Spark 3 provides more options to control`maxSplitBytes` as below 

```scala
  def maxSplitBytes(
      sparkSession: SparkSession,
      selectedPartitions: Seq[PartitionDirectory]): Long = {
    val defaultMaxSplitBytes = sparkSession.sessionState.conf.filesMaxPartitionBytes
    val openCostInBytes = sparkSession.sessionState.conf.filesOpenCostInBytes
    val minPartitionNum = sparkSession.sessionState.conf.filesMinPartitionNum
      .getOrElse(sparkSession.leafNodeDefaultParallelism)
    val totalBytes = selectedPartitions.flatMap(_.files.map(_.getLen + openCostInBytes)).sum
    val bytesPerCore = totalBytes / minPartitionNum

    Math.min(defaultMaxSplitBytes, Math.max(openCostInBytes, bytesPerCore))
  }
```

`filesMinPartitionNum` is from `spark.sql.files.minPartitionNum`. It is the suggested (not guaranteed) minimum number of split file partitions.
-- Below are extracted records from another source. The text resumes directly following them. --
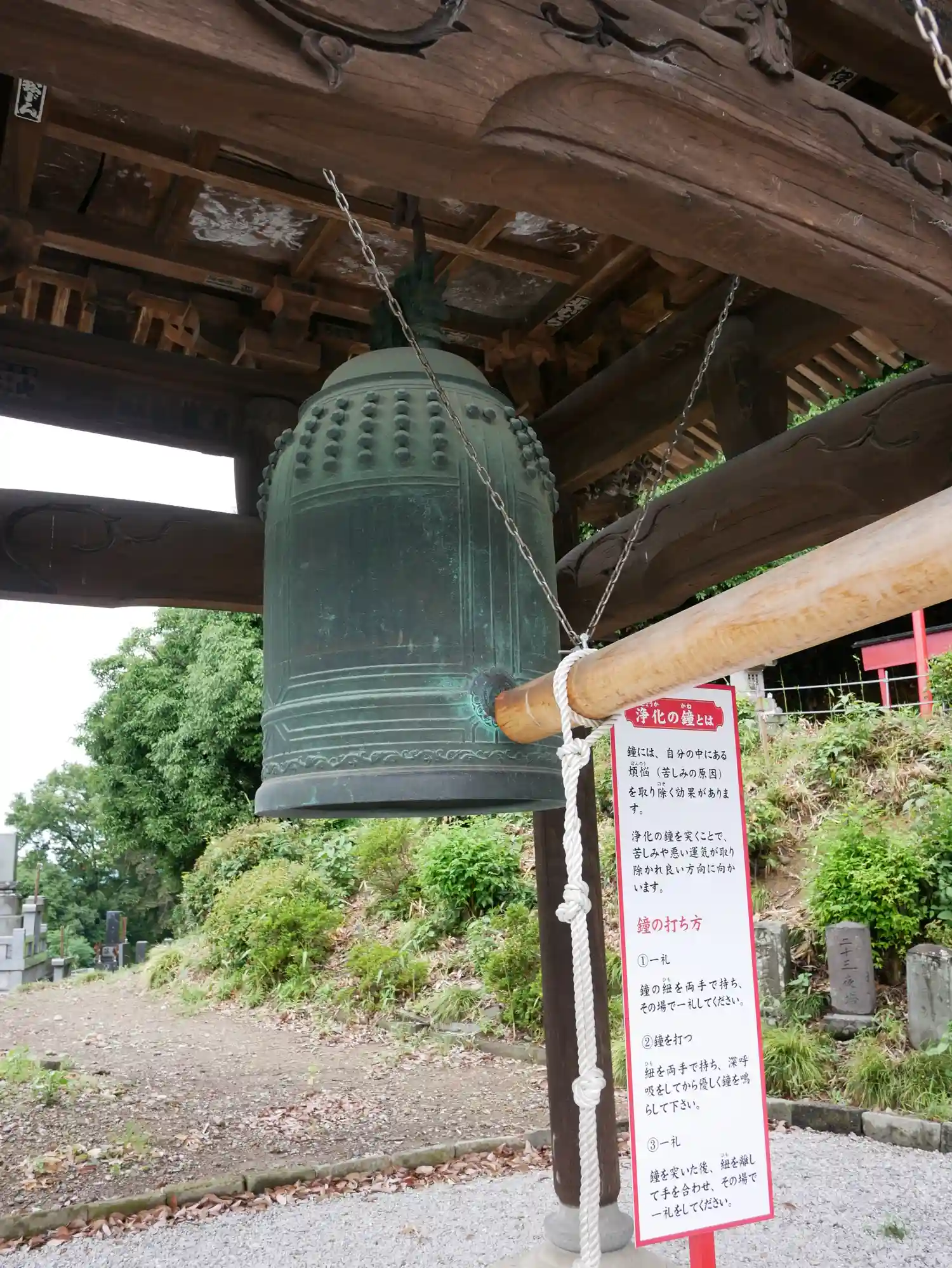鐘が撞けます。そっと撞いたつもりでも、大きな音でびっくりしました。
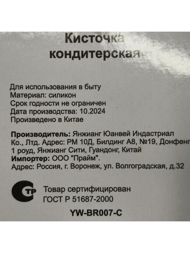 При приготовлении кондитерских изделий и других блюд не обойтись без использования кондитерской кисти. Это приспособление используется для нанесения крема, глазури, удобно для смазывания маслом противня или выпечки перед запеканием в духовке. Щетинки изготовлены из синтетического материала – гигиеничного, безопасного для использования с продуктами питания. Удобная пластмассовая ручка оснащена отверстием для крючка, кисть можно повесить или убрать в шкаф для комфортного хранения. После использования тщательно промывайте кисть с моющими средствами.
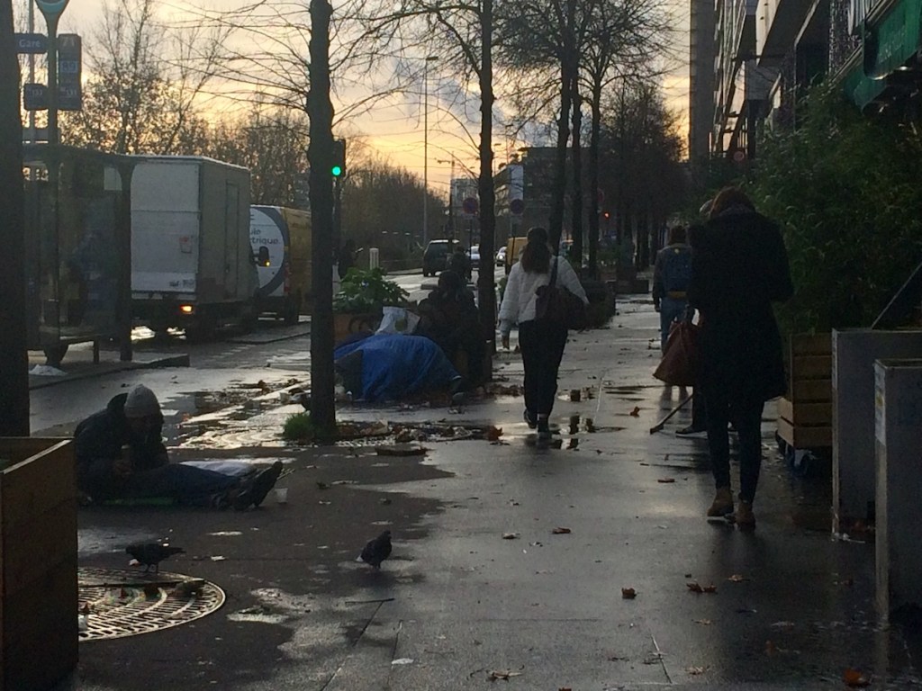 Chaque jour ou presque, ces temps-ci, je vais à la Bibliothèque Nationale. Métro Quai de la Gare. Le long des quais, en face de l’allée Arthur Rimbaud, poussent de beaux arbres dans les bacs des magasins Truffaut. Sur le trottoir à leurs pieds, qu’il pleuve ou vente, des migrants sans abri. Silencieux. Ils ne font pas la manche.
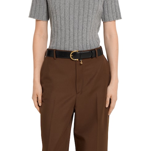 In the Fall Winter 2025 collection, this belt embodies Gucci’s heritage with a stirrup buckle with Double G charm. Crafted from black leather, the design offers an elegant yet effortless aesthetic.
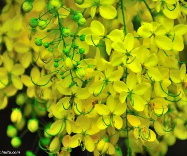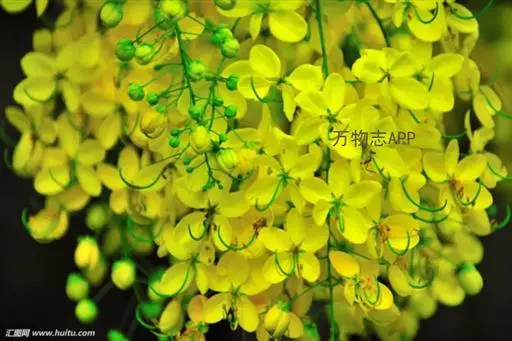 花期在5月,初夏满树金黄色花,花序随风摇曳、花瓣随风而如雨落,所以又名“黄金雨”。
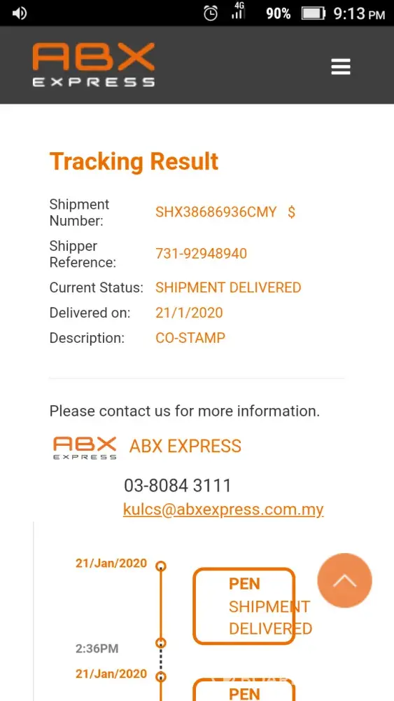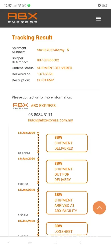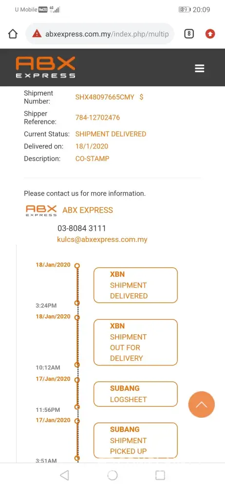 Hari ni almost 1 whole day tunggu delivery. Out for delivery pukul 4:30 petang, tunggu punya tunggu tak sampai². Tiba² check sistem abx cakap "Shipment Delivered", padahal takda pulak yang datang hantar depan rumah. Lepastu delivery pukul 10 malam dah kenapa? Delivered kat sapa pulak? Kita beli guna duit tau bukan cabut bulu nak beli barang tu. Kenapa abx teruk sangat servis ni? Dari dulu sampai sekarang abx je bermasalah. Apa lah nasib beli barang overseas tapi shop guna abx express untuk penghantaran barang. Tgok nama abx pun dah tepuk dahi. Memang dah jangka benda ni akn berlaku memandangkan banyak complain dari customer lain. Takda guna buat survey complain ni kalau tak ambil endah pun pasal customer service. Mana pergi customer rights eh? Nak kena report polis barang dikira hilang baru nak bertindak ke macam mana? Sila ambil tindakan. Paling takboleh brain bila buat penghantaran guna runner je.
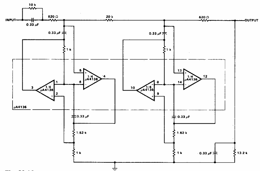 Este filtro ativo Butterwoth foi encontrado numa documentação dos anos 90. Ele pode ser elaborado com base em amplificadores operacionais modernos. A fonte deve ser de acordo com os operacionais usados.
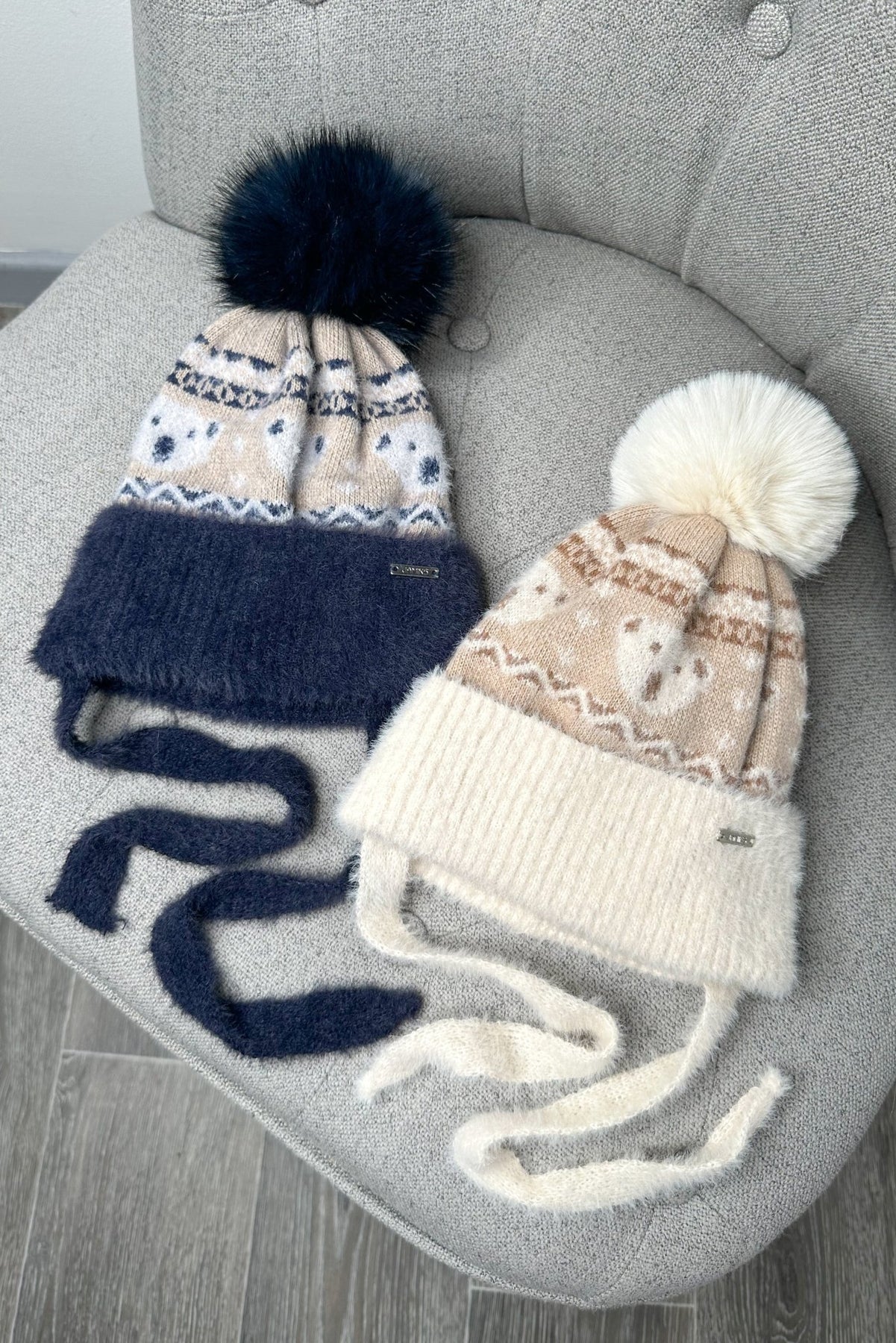 وشاح أطفال للجنسين من ماركة جاميكس البولندية. قبعة سميكة وناعمة للغاية من مزيج الصوف والكشمير، بطبعة دب تيدي بلوني الأزرق الداكن والبيج، تعلوها كرة كبيرة من الفرو الصناعي بلون أزرق داكن. مبطنة بالقطن لمزيد من الدفء.
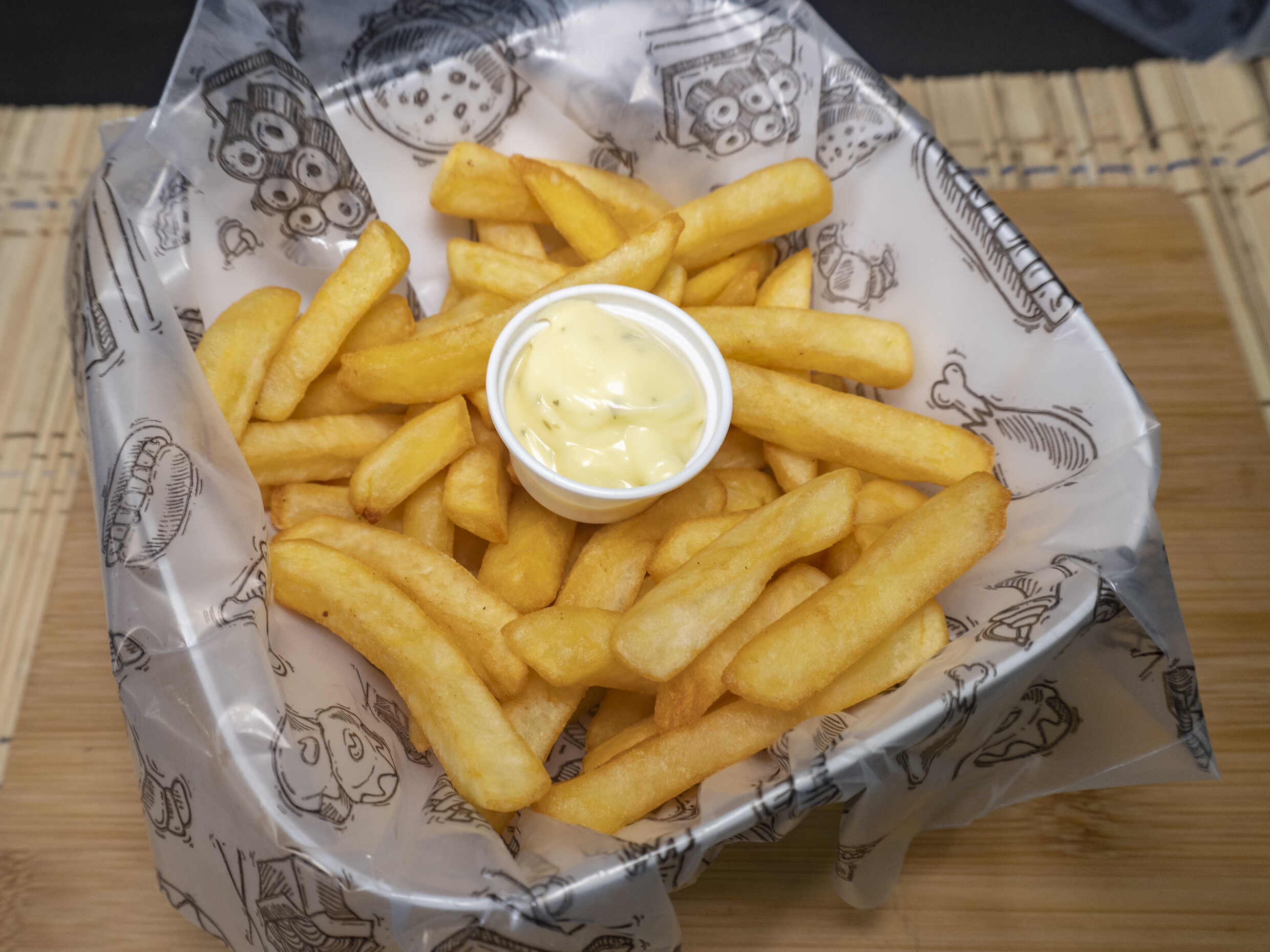 Salchicha, papa amarilla o francesa y salsas, 200 gr aprox.
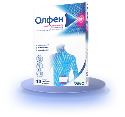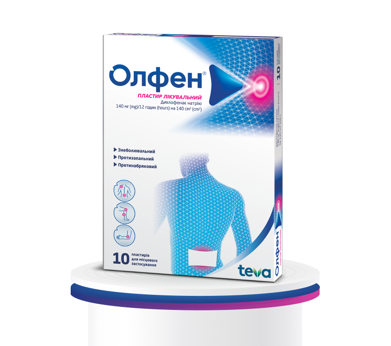 ОЛФЕН® пластир лікувальний – трансдермальний диклофенак, що поєднує ефективність, кращий профіль безпеки і зручність у щоденному застосуванні. Препарат містить 140 мг диклофенаку натрію і забезпечує стабільне його вивільнення до 12 годин5.

If not set, the default value is `spark.default.parallelism`.

`leafNodeDefaultParallelism` is from `spark.sql.leafNodeDefaultParallelism`. It is the default parallelism of Spark SQL leaf nodes.

Setting either of the above two parameters has the same effect as `spark.default.parallelism` on `maxSplitBytes`.